Segment Open

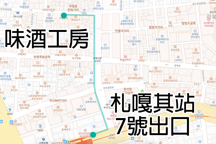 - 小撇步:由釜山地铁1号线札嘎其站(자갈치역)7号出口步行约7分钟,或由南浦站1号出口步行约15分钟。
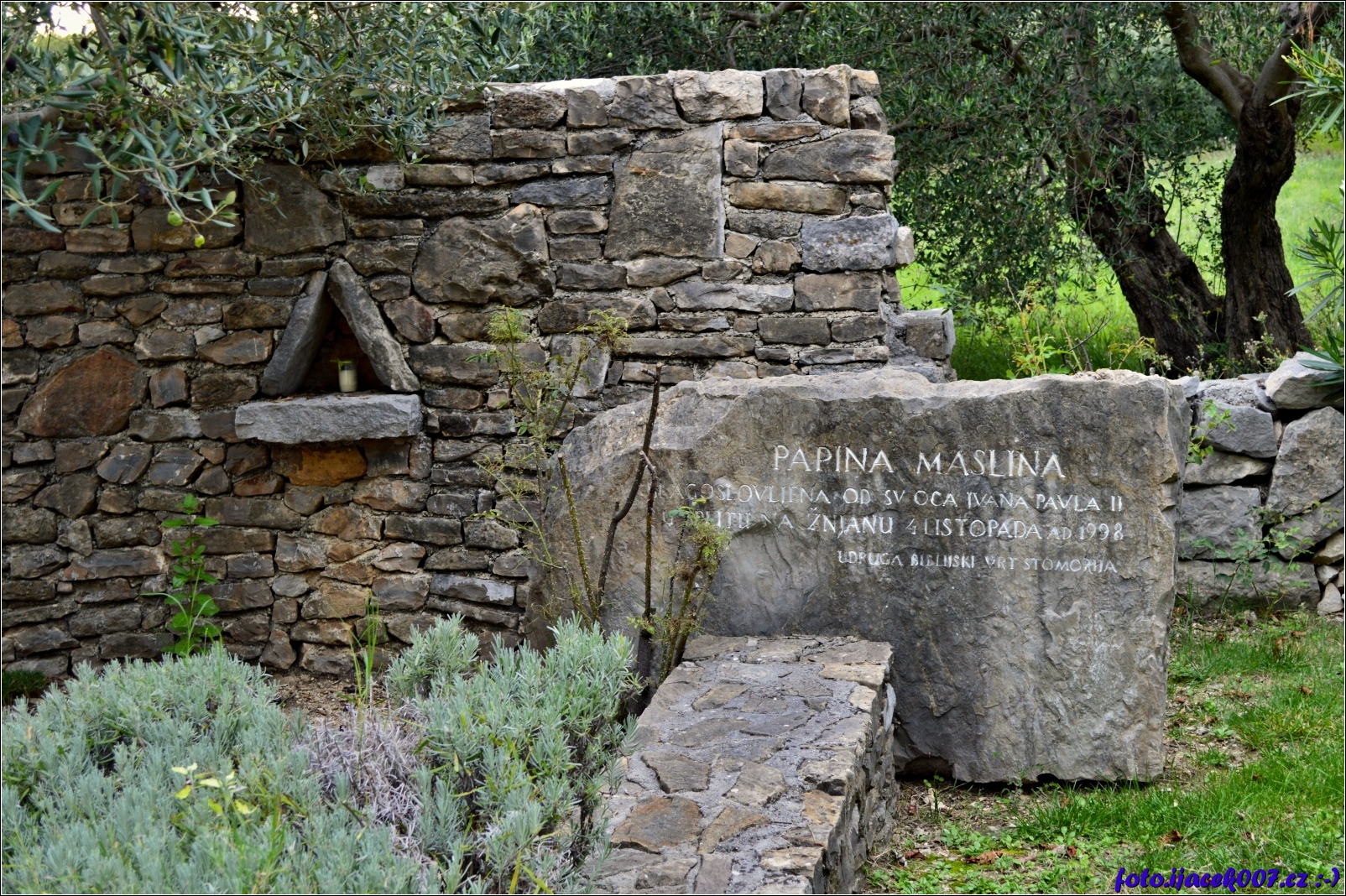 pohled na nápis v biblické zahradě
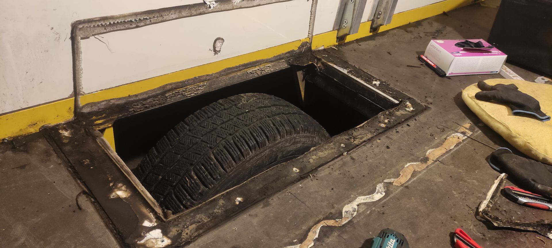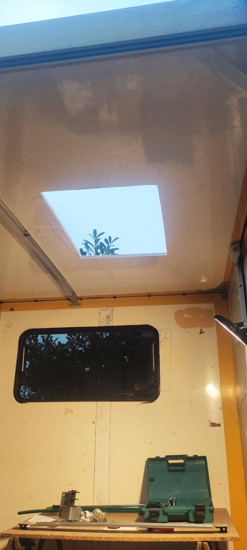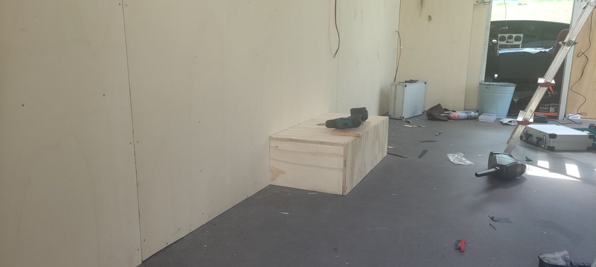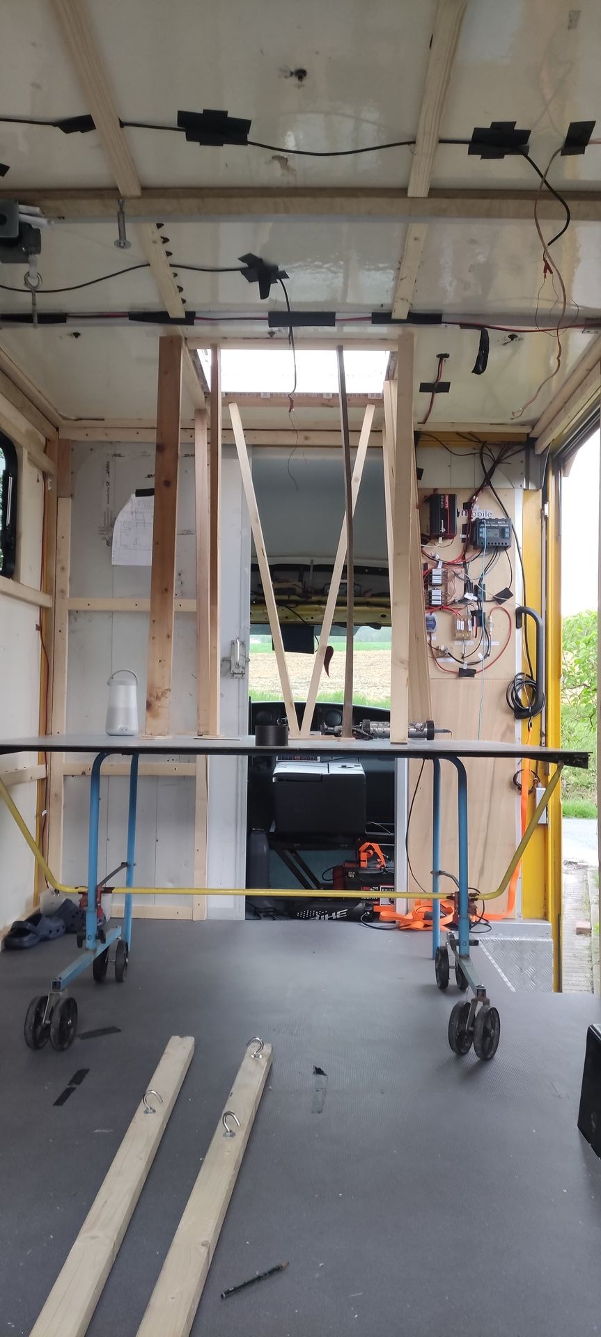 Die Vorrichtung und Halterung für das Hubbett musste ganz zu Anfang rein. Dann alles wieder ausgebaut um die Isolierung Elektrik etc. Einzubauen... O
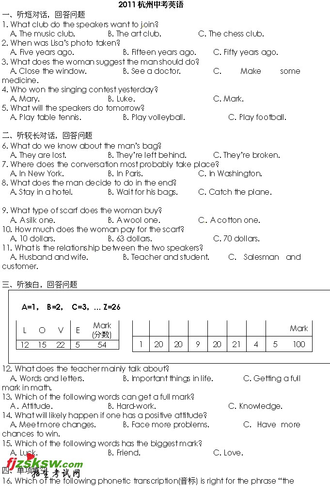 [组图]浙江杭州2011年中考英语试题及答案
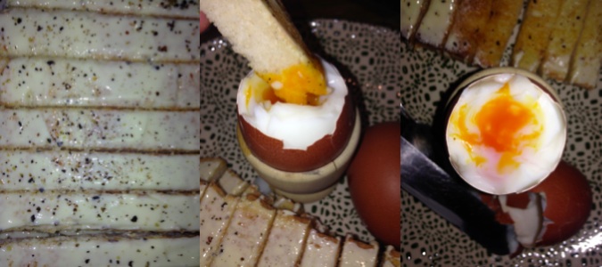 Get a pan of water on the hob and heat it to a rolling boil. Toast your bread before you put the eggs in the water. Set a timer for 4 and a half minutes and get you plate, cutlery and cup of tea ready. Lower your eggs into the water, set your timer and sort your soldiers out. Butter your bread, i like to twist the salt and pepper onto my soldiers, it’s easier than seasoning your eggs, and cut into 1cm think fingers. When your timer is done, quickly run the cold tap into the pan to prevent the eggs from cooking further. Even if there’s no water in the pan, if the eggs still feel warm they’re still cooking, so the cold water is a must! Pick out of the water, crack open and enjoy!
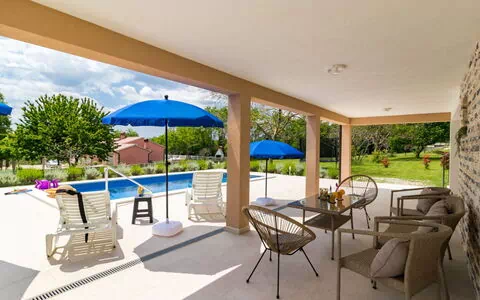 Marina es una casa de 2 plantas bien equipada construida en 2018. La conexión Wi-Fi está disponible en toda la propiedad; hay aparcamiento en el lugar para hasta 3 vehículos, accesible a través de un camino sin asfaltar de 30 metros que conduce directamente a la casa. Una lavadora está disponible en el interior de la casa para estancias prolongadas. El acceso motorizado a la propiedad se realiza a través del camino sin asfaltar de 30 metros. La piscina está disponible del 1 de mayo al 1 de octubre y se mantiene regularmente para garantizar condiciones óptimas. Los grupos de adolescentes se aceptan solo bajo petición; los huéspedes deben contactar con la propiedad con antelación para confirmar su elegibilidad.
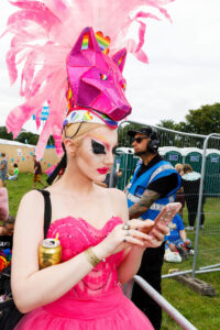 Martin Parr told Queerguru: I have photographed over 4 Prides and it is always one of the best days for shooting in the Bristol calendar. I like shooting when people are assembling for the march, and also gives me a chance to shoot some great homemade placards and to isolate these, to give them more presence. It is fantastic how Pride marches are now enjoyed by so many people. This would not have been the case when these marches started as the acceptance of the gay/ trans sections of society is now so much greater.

Segment Closed

The answer is every line of the data, exactly as written, with the pictures dropped.

■ **RESULT FOR THIS TASK**
 - 小撇步:由釜山地铁1号线札嘎其站(자갈치역)7号出口步行约7分钟,或由南浦站1号出口步行约15分钟。
 pohled na nápis v biblické zahradě
 Die Vorrichtung und Halterung für das Hubbett musste ganz zu Anfang rein. Dann alles wieder ausgebaut um die Isolierung Elektrik etc. Einzubauen... O
 [组图]浙江杭州2011年中考英语试题及答案
 Get a pan of water on the hob and heat it to a rolling boil. Toast your bread before you put the eggs in the water. Set a timer for 4 and a half minutes and get you plate, cutlery and cup of tea ready. Lower your eggs into the water, set your timer and sort your soldiers out. Butter your bread, i like to twist the salt and pepper onto my soldiers, it’s easier than seasoning your eggs, and cut into 1cm think fingers. When your timer is done, quickly run the cold tap into the pan to prevent the eggs from cooking further. Even if there’s no water in the pan, if the eggs still feel warm they’re still cooking, so the cold water is a must! Pick out of the water, crack open and enjoy!
 Marina es una casa de 2 plantas bien equipada construida en 2018. La conexión Wi-Fi está disponible en toda la propiedad; hay aparcamiento en el lugar para hasta 3 vehículos, accesible a través de un camino sin asfaltar de 30 metros que conduce directamente a la casa. Una lavadora está disponible en el interior de la casa para estancias prolongadas. El acceso motorizado a la propiedad se realiza a través del camino sin asfaltar de 30 metros. La piscina está disponible del 1 de mayo al 1 de octubre y se mantiene regularmente para garantizar condiciones óptimas. Los grupos de adolescentes se aceptan solo bajo petición; los huéspedes deben contactar con la propiedad con antelación para confirmar su elegibilidad.
 Martin Parr told Queerguru: I have photographed over 4 Prides and it is always one of the best days for shooting in the Bristol calendar. I like shooting when people are assembling for the march, and also gives me a chance to shoot some great homemade placards and to isolate these, to give them more presence. It is fantastic how Pride marches are now enjoyed by so many people. This would not have been the case when these marches started as the acceptance of the gay/ trans sections of society is now so much greater.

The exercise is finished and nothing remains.